# [Exercise brief]
Retype exactly what appears below from the line containing "Item 36 Ref: 392632-23" down to the line containing "Slicing of e.g.", keeping both end lines. Do not include pictures.

# [Exercise inputs]
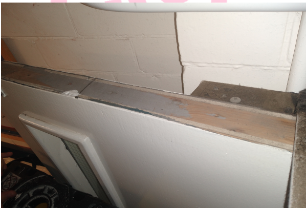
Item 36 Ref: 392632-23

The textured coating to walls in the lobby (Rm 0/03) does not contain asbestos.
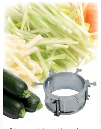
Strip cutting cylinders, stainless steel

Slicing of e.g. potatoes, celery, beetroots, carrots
--
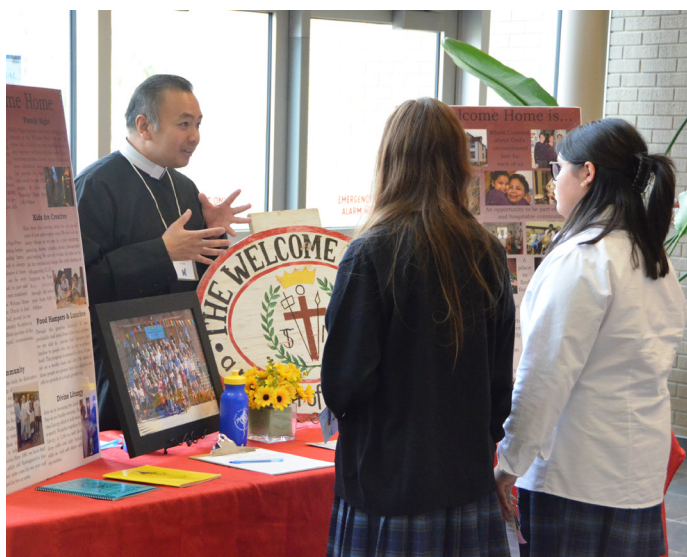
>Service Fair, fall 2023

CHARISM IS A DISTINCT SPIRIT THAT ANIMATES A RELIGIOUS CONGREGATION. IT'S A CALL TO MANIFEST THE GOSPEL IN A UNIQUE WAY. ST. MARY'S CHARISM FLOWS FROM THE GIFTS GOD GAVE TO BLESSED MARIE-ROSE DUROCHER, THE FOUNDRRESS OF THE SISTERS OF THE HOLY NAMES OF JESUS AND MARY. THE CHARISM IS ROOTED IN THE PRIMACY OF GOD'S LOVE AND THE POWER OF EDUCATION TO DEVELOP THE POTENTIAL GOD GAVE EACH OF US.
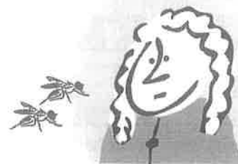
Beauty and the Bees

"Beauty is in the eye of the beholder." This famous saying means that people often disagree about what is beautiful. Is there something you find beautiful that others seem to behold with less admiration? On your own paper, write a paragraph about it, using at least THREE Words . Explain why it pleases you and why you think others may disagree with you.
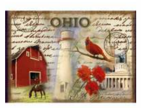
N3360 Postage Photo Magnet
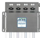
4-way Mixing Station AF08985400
---
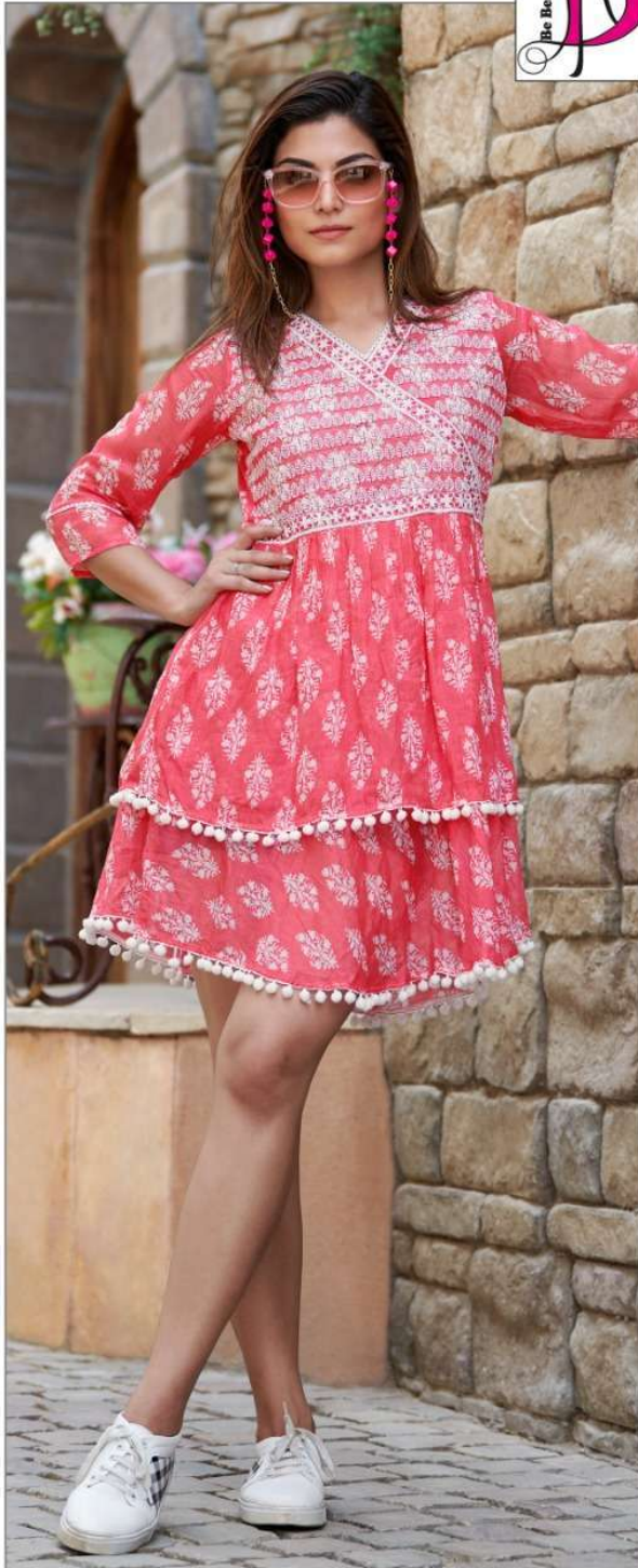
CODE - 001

# [Written solution]
Item 36 Ref: 392632-23

The textured coating to walls in the lobby (Rm 0/03) does not contain asbestos.
Strip cutting cylinders, stainless steel

Slicing of e.g. potatoes, celery, beetroots, carrots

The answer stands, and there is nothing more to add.